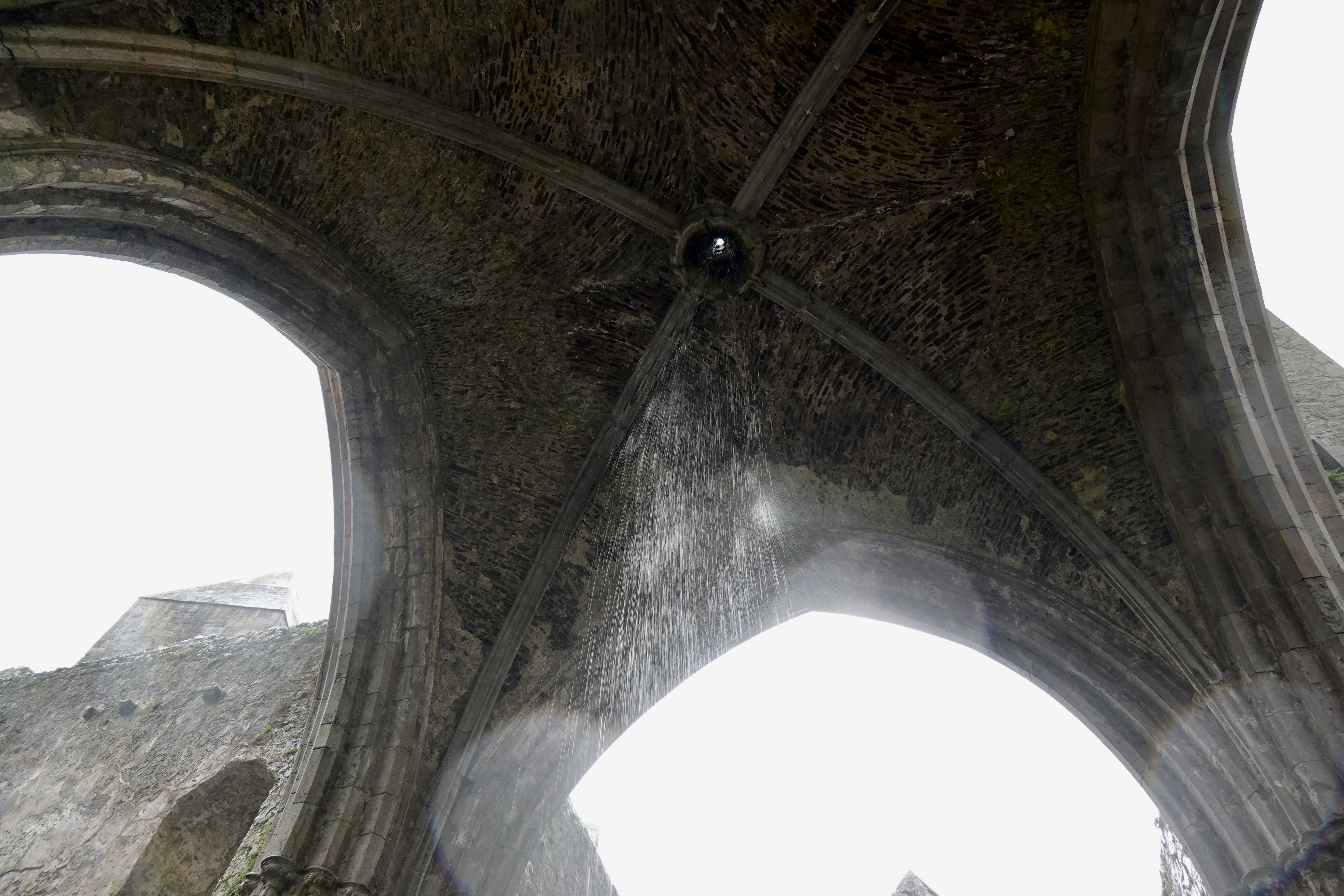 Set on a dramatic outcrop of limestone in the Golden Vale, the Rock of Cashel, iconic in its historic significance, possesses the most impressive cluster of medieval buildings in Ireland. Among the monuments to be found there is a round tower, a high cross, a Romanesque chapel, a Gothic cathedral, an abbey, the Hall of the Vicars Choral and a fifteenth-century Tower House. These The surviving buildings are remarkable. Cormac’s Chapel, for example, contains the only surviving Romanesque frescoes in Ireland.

* * *

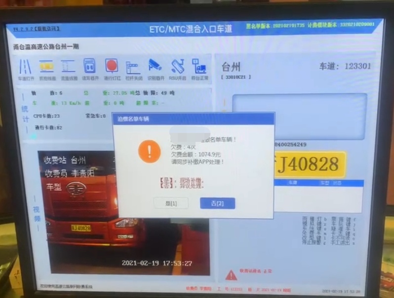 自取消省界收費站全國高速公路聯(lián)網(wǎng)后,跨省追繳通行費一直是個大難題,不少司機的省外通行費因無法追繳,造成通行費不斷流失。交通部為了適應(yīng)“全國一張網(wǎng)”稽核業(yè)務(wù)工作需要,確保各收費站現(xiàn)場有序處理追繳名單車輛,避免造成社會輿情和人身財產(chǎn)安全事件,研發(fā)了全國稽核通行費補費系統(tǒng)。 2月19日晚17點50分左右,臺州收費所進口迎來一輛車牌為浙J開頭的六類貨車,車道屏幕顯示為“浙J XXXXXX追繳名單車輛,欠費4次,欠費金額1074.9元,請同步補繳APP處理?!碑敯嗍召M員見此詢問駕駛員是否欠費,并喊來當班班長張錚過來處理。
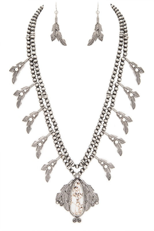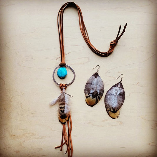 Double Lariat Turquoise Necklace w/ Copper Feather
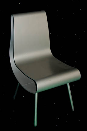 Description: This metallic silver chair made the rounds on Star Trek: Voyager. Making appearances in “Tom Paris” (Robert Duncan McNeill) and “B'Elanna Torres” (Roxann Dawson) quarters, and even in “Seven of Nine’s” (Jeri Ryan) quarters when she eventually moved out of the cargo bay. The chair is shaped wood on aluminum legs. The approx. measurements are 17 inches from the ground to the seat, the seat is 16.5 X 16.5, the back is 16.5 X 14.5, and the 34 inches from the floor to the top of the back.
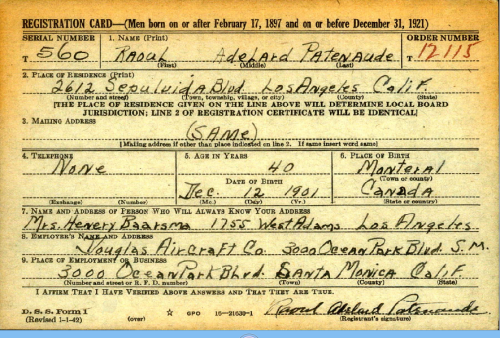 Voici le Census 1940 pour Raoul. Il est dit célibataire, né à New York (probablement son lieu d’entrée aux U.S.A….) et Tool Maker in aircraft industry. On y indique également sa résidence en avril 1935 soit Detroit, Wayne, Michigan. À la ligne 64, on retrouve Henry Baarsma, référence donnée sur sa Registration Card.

■ TASK REQUIREMENTS ■
Using the entries above, write out exactly the lines from the one with "Description: This metallic" through the one with "Voici le Census", ends included. Leave out any pictures.

■ WRITTEN ANSWER ■
 Description: This metallic silver chair made the rounds on Star Trek: Voyager. Making appearances in “Tom Paris” (Robert Duncan McNeill) and “B'Elanna Torres” (Roxann Dawson) quarters, and even in “Seven of Nine’s” (Jeri Ryan) quarters when she eventually moved out of the cargo bay. The chair is shaped wood on aluminum legs. The approx. measurements are 17 inches from the ground to the seat, the seat is 16.5 X 16.5, the back is 16.5 X 14.5, and the 34 inches from the floor to the top of the back.
 Voici le Census 1940 pour Raoul. Il est dit célibataire, né à New York (probablement son lieu d’entrée aux U.S.A….) et Tool Maker in aircraft industry. On y indique également sa résidence en avril 1935 soit Detroit, Wayne, Michigan. À la ligne 64, on retrouve Henry Baarsma, référence donnée sur sa Registration Card.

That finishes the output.